🤖 AI Summary
To address the limited model utility caused by static privacy budget allocation in federated learning (FL), this paper proposes a time–client dual-dimensional adaptive differential privacy (DP) framework. Our method jointly and non-uniformly schedules the privacy budget across training rounds (temporal dimension) and clients (individual dimension)—a first in DP-FL literature. Specifically, it conserves budget early to ensure convergence and reduces noise magnitude later to enhance model accuracy, thereby breaking the conventional assumption of uniform budget consumption. Theoretical analysis establishes a tighter utility bound compared to classical DP-FL baselines. Empirical evaluation on standard benchmarks demonstrates substantial improvements in the privacy–utility trade-off: under stringent privacy budgets (small ε), classification accuracy increases by up to 3.2%—particularly beneficial for high-privacy-sensitivity applications.
📝 Abstract
Federated learning (FL) with differential privacy (DP) provides a framework for collaborative machine learning, enabling clients to train a shared model while adhering to strict privacy constraints.
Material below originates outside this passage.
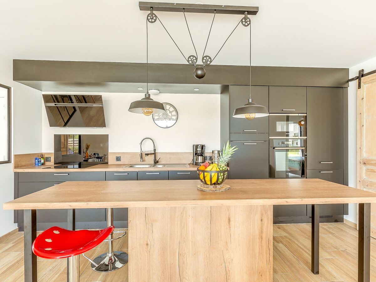 Grande cuisine ouverte (four, lave-vaisselle, 3 plaques à induction, grille-pain, bouilloire électrique, congélateur, cafetière électrique).

The framework allows each client to have an individual privacy guarantee, e.g., by adding different amounts of noise to each client's model updates. One underlying assumption is that all clients spend their privacy budgets uniformly over time (learning rounds). However, it has been shown in the literature that learning in early rounds typically focuses on more coarse-grained features that can be learned at lower signal-to-noise ratios while later rounds learn fine-grained features that benefit from higher signal-to-noise ratios. Building on this intuition, we propose a time-adaptive DP-FL framework that expends the privacy budget non-uniformly across both time and clients. Our framework enables each client to save privacy budget in early rounds so as to be able to spend more in later rounds when additional accuracy is beneficial in learning more fine-grained features. We theoretically prove utility improvements in the case that clients with stricter privacy budgets spend budgets unevenly across rounds, compared to clients with more relaxed budgets, who have sufficient budgets to distribute their spend more evenly. Our practical experiments on standard benchmark datasets support our theoretical results and show that, in practice, our algorithms improve the privacy-utility trade-offs compared to baseline schemes.